А все-таки это Европа…

   В жизни московитов, в их представлениях, в организации Московского государства очень много черт, сближающих этот народ и эту страну с народами и странами Востока: господство общины и корпорации; могущество государства, легко готового вмешаться в частную жизнь, можно сказать, что любого; неразвитость личного начала и готовность почти любого человека считать себя «худым и смиренным» перед лицом государства, корпорации и монарха.
   И все-таки это Европа. Не самый центр Европы, не те места, где бьется ее сердце. Но это периферия не какой-нибудь, а европейской цивилизации.
   Главное – это все же христианская страна. Московиты верят в бессмертие души. Не в «вечные перерождения по законам кармы», не в «атмана, соединяющегося с брахманом», и не в бессмертие «Ка, отправляющегося на поля Иалу и Ба, вечно остающегося в гробнице фараона». Они верят, что человек обладает сознанием и отличается от других животных потому, что обладает душой. Что душа человека – невидимая субстанция, лишенная пола и иных страстей тела, приходит из иного, идеального мира. Что человек – двойственное создание, обладающее и телом, и душой, и что душа уйдет к Богу после смерти тела; как и все христиане, они верят, что настанет Страшный суд, когда каждому будет высказано все, чего он заслужил за время жизни на Земле. Каждому! И царю, и боярину Морозову, и последнему московскому холопу.
   И потому для московитов индивидуальный человек хотя бы в одном каком-то смысле больше любых общин, корпораций и даже самых могучих государств, ведь они пройдут, эти общины, корпорации и государства, и настанет время, когда их не будет. А человек живет вечно, и его душа переживет любые общины, корпорации и государства.
   Как бы ни был унижен отдельный холоп, бобыль, «подсуседник», как бы ни был согнут в покорности рядовой житель Московии, обязанный простираться ниц не только перед царем, но вообще перед всяким из высших… Но его душа ничем не отличается от боярской и царской, и еще неизвестно, кому на Страшном суде придется солоней – ведь кому много дано, с того много и спросится.
   – Ты почто заморил холодом и голодом боярыню Феодосию Морозову? Ты с чего вообразил вдруг, что Мне угоднее креститься тремя перстами, чем двумя?! Ты человека мученически мучил и в конце концов убил, а из-за чего? Кто тебе позволил приписывать Мне то, чего я отродясь не говорил?! – может быть, именно так спросит Господь у грозного, могучего царя Алексея Михайловича, почти что обожествленного владыки Московии.
   И задрожит могучий царь, не в силах дать ответ Тому, кто наделил его душой, а вместе с нею – разумом, совестью, способностью понимать справедливость и правду.

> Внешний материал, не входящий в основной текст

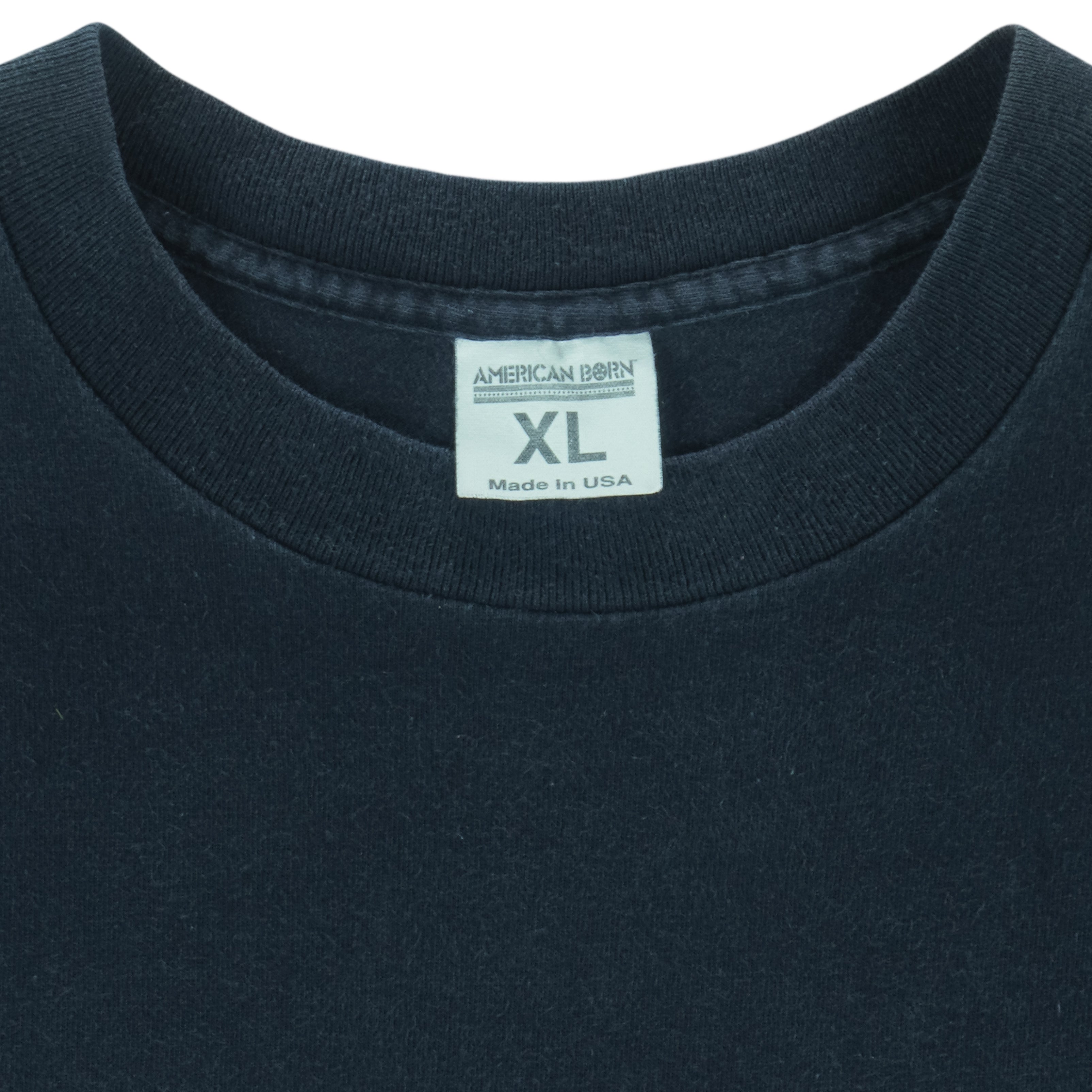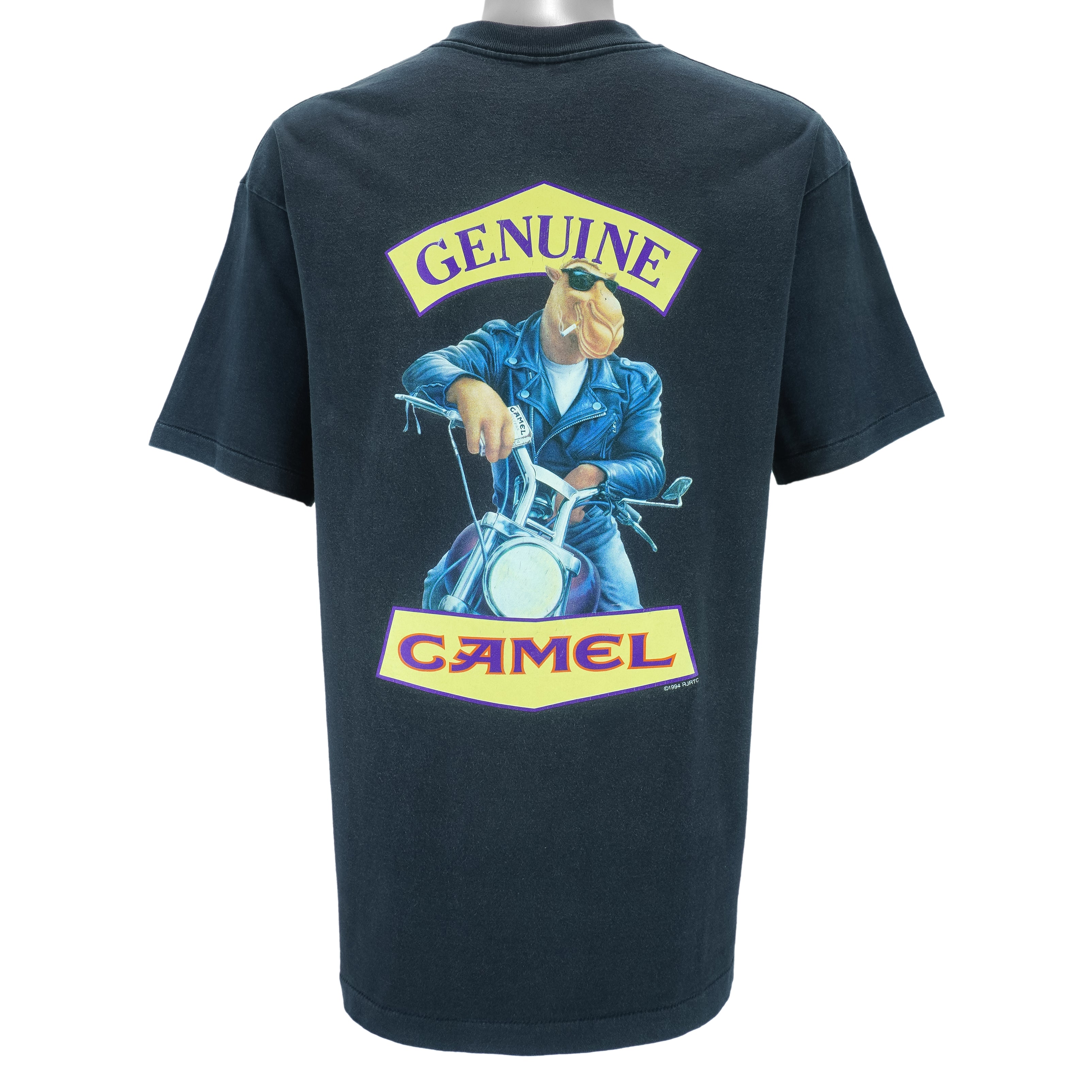1993 Vintage Camel Joe on Motorbike Genuine Taste Single Stitch T-Shirt by American Born. Black in color, fits X-large size and is in very good condition.
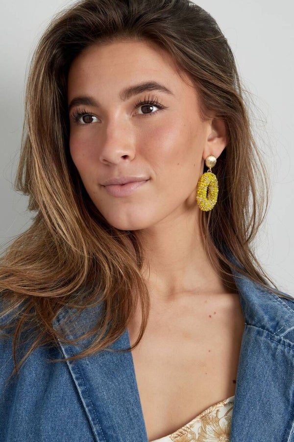 Hoe geweldig is deze discodip oorbel? Een must voor de lente en zomer om jouw look op te fleuren. De oorbel is gemaakt van metaal en kristal. De afmeting is 3 bij 4.6 centimeter.
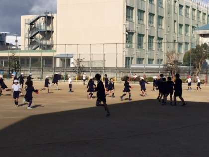 寒さに関係なく、たくさんの子どもが遊んでいます。

   Очень может быть, как раз рядовому стрельцу, стоявшему возле ямы, где умирала Феодосия Морозова, кивнет Господь Бог, дающий каждому справедливое, окончательное (и потому ох какое страшное!) воздаяние за все, содеянное в жизни.

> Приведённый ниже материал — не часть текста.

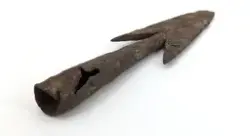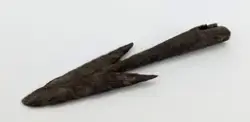 - Spjutspets av järn med hullingar. Något skadad på den runda holken. Okänd fyndort.
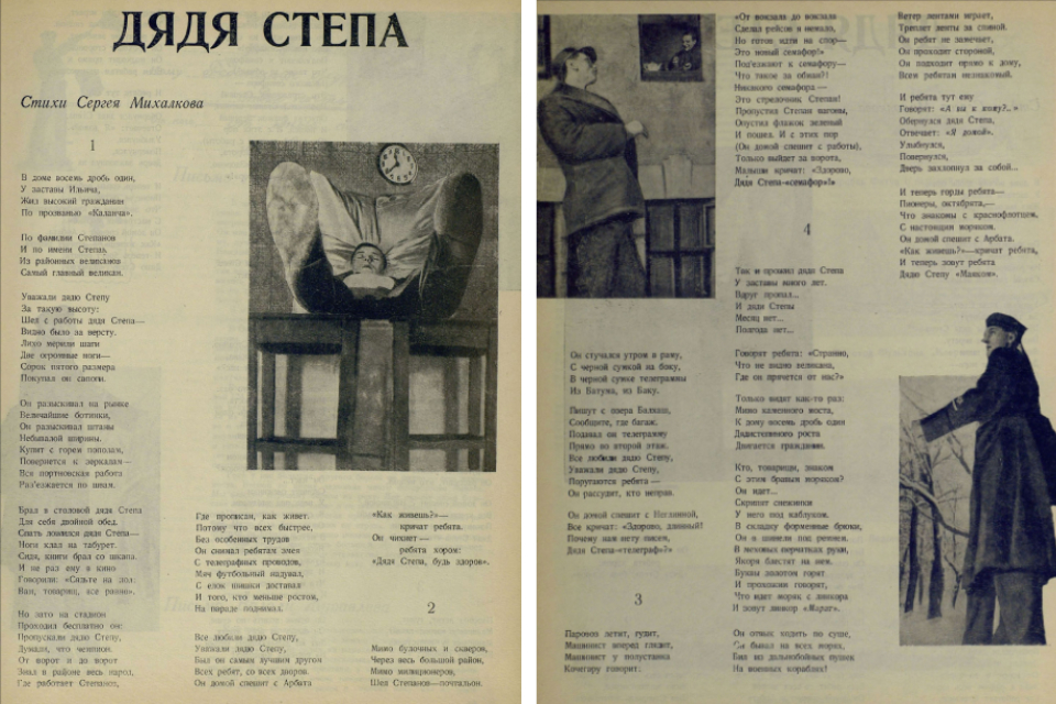 В то время там проходил конкурс пионерской песни Московского комитета комсомола, а будущий автор детской поэмы как раз увлекался написанием текстов для них. Вот только самым главным, что подарила эта поездка, стала идея создания книжки про дядю Стёпу. Пообщавшись с пионерами, Сергей Михалков понял, какого персонажа не хватает детям – настоящего героя, который жил бы с ними по соседству, рассказывал истории подвигов, а на досуге совершал бы их. И в том же, 1935 году, в седьмом номере журнала «Пионер» вместе со стишками о пионерлагерях была напечатана поэма о самом главном великане.
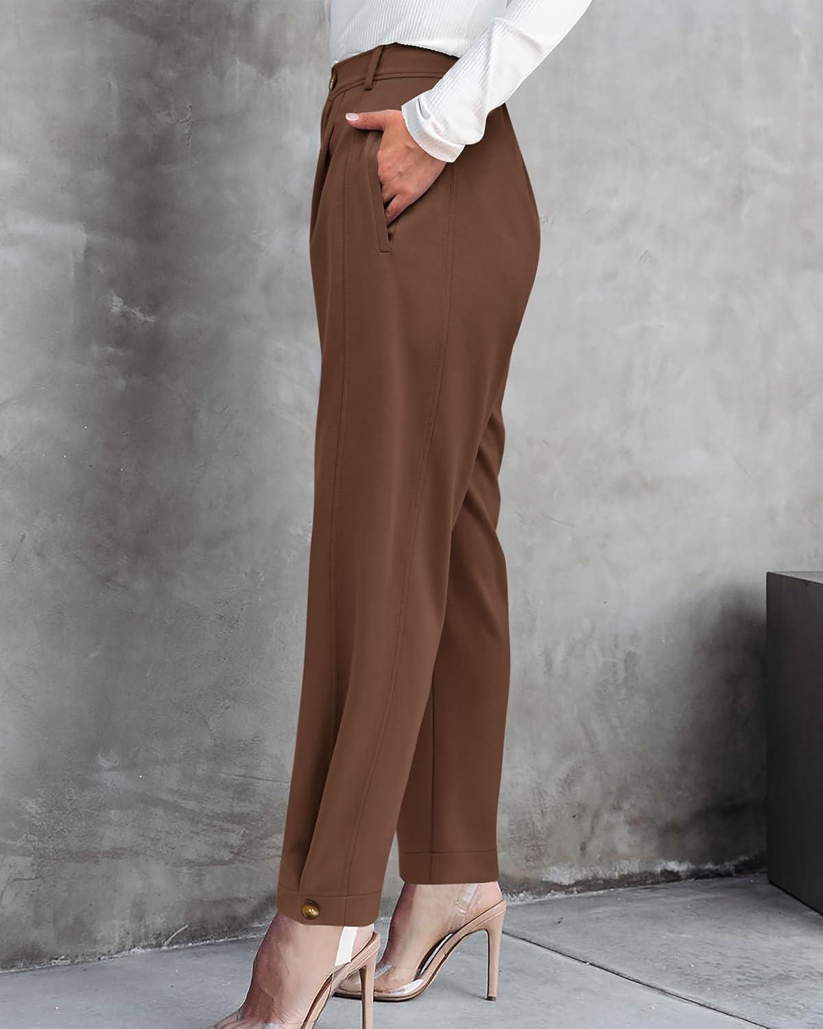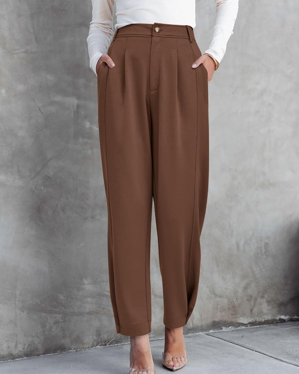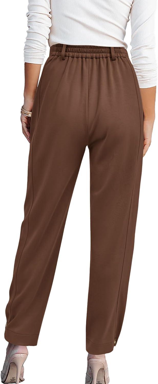 BTFBM Work Pants Women Business Casual Outfits Fall 2025 Elastic High Waist Dress Trousers Pockets Long Tapered Slacks(Brown)

   – Ты Феодосии, умиравшей за веру ко Мне, принес хлеба, а когда тебя наказали за этот хлеб, ты не посмел принести еще, но ты постирал ей рубаху, чтобы она могла в чистом прийти ко Мне… За свое милосердие ты потерпел в том мире, когда тело твое было живо, но за это тебе будет благо в Моем Царстве, милосердный человек.
   Московит вполне мог рассуждать и другим способом, мог представлять и совсем другие картины Страшного суда: например, полное оправдание царя и осуждение солдата, пожалевшего «еретичку». Но в то, что душа у всех одинакова, верил! И в суд над всеми: и над солдатом, и над царем, и над боярыней – тоже верил.
   Пока была жива эта вера (а она не умирает до сих пор), Московия – европейская страна, а русские – европейский народ, живут ли они в Московии или в других государствах.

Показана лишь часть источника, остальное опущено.